Amphotericin-B deoxycholate was previously the standard drug for systemic candidiasis. It targets extraction of ergosterol from fungal cells. It is rapidly fungicidal in vitro and possesses broad-spectrum activity against most Candida species except Candida lusitaniae, but it is significantly nephrotoxic and associated with frequent infusion toxicity. Lipid and liposomal formulations of amphotericin-B have largely replaced the deoxycholate formulation, with reduced, but not absent, nephrotoxicity. However, these agents are expensive, and although less toxic, not therapeutically superior.

Echinocandins are non-competitive inhibitors of synthesis of beta 1,3-beta-D-glucan, a major component of the fungal cell wall, and include caspofungin, anidulafungin, and micafungin.[64] They have excellent fungicidal activity against all Candida species and a good safety profile.​[65]​ No dose adjustments are required for advanced renal disease. The echinocandins are preferred over azoles for the initial treatment of candidaemia, particularly if Candida krusei, Candida glabrata, or C auris are suspected or documented and in critically ill, haemodynamically unstable patients.[19][32][66][67]​​​​​​ The highest minimum inhibitory concentrations are found with Candida parapsilosis (1-2 microgram/mL), although clinical efficacy is comparable to other agents and failures with this organism are extremely rare.[68] Similarly, acquired resistance to all or any of the drugs in this class remains relatively rare, although it is increasing, particularly among C glabrata isolates.[69][70]​​​​ Caspofungin, anidulafungin, and micafungin are widely considered as therapeutically equivalent.[32][71]​​​

Azoles inhibit the formation of ergosterol in the fungal cell membrane. Fluconazole has been widely used for candidiasis for more than 15 years, and has a good safety record and a favourable toxicity profile. Several large studies have shown equivalent activity and success when compared with polyenes, such as amphotericin-B, and the newer echinocandins in non-neutropenic hosts.[72][73][74]​​​ However, growing resistance now limits its use to empirical therapy in settings where fluconazole resistance is low and/or echinocandins are not available. Fluconazole is also preferred over echinocandins if infection is suspected in body compartments where echinocandins have poor penetration (e.g., central nervous system, eye, and urinary tract). Fluconazole can also be used for step-down therapy from echinocandins once patients are clinically stable and infection is controlled. Voriconazole can retain activity against most Candida species and is active against fluconazole-resistant C krusei and some strains of fluconazole-resistant C glabrata. Its efficiency in treatment of invasive candidiasis has been demonstrated in a large prospective, randomised study.[75] However, its lack of superiority, additional cost and less favourable toxicity profile, particularly numerous drug interactions, have resulted in voriconazole being reserved for selected patients with fluconazole-resistant but voriconazole-sensitive strains.
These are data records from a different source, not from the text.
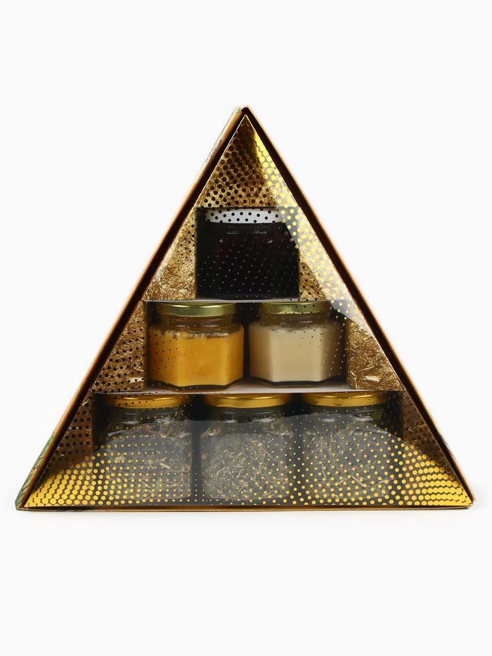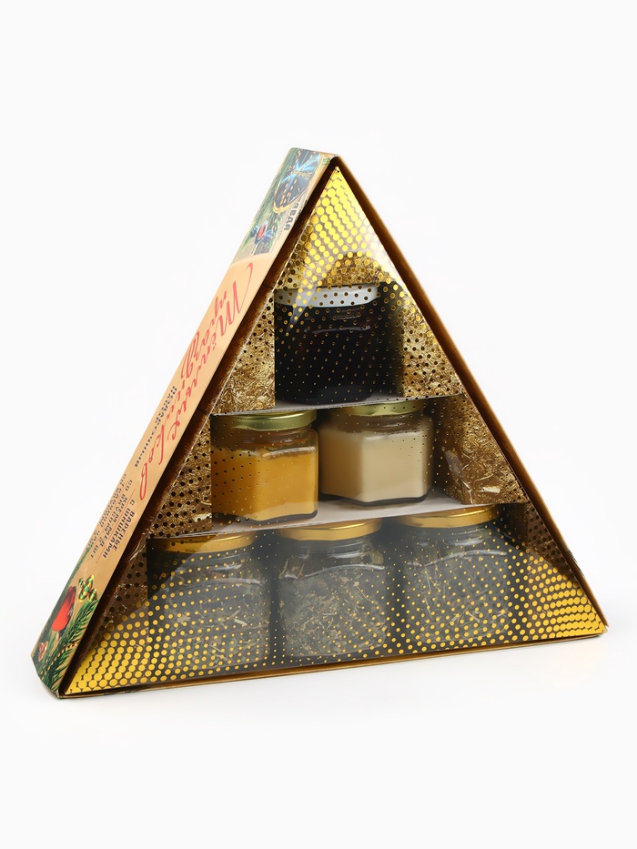 Подарочный новогодний набор «Советский»: чай травяной 25 г х 3 шт., варенье с шишками 100 мл., крем-мёд 120 г х 2 шт.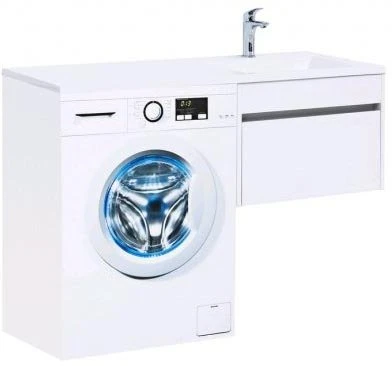 - Раковина из литьевого мрамора имеет длинную платформу, которая выходит далеко за пределы тумбы. Она предназначена для того, чтобы установить с правой стороны от тумбы стиральную машину. Платформа имеет такую длину, которая позволит спрятать под нее машинку средних размеров с фронтальной загрузкой.
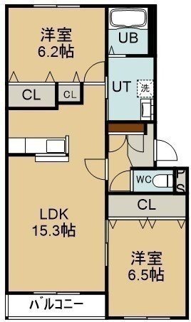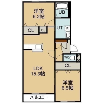 2LDK(65.46m²)└ 1階:LDK15.3帖 洋室6.5帖 洋室6.2帖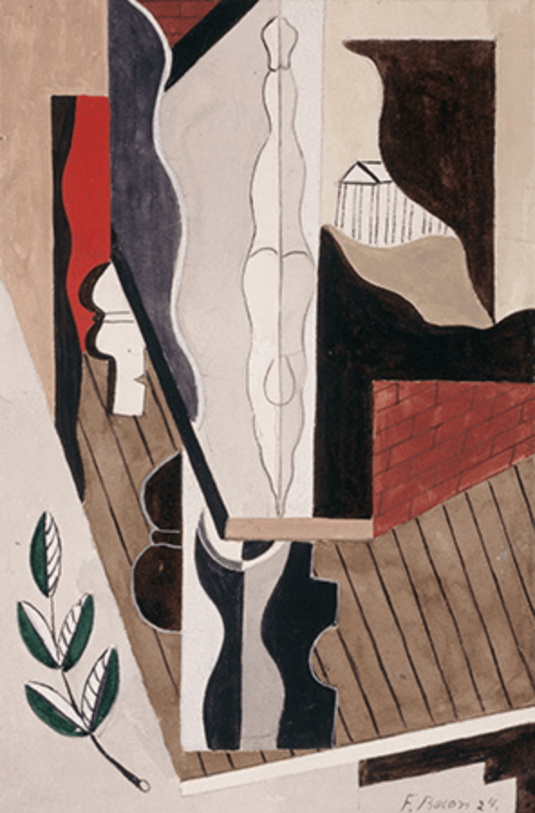 Bacon used to insist that his professional artistic career began in 1944, it is well known that he was painting much earlier than that. His first known paintings, ‘Watercolour’ and ‘Gouache’, were created during this early period and were directly inspired by Pablo Picasso whose style is very apparent in these works. Bacon adopts Pablo’s signature abstract shapes combined with flat, muted colours- something starkly different to the more vivid and bold art seen later in Francis’ career.

Treatment for suspected systemic candidiasis

Antifungal therapy should be started in patients who are critically ill and have risk factors for systemic candidiasis, and for whom other causes of fever have been excluded. This decision should be based on clinical assessment and results of cultures from non-sterile sites. Local pathogen knowledge is also important when deciding on empirical therapy.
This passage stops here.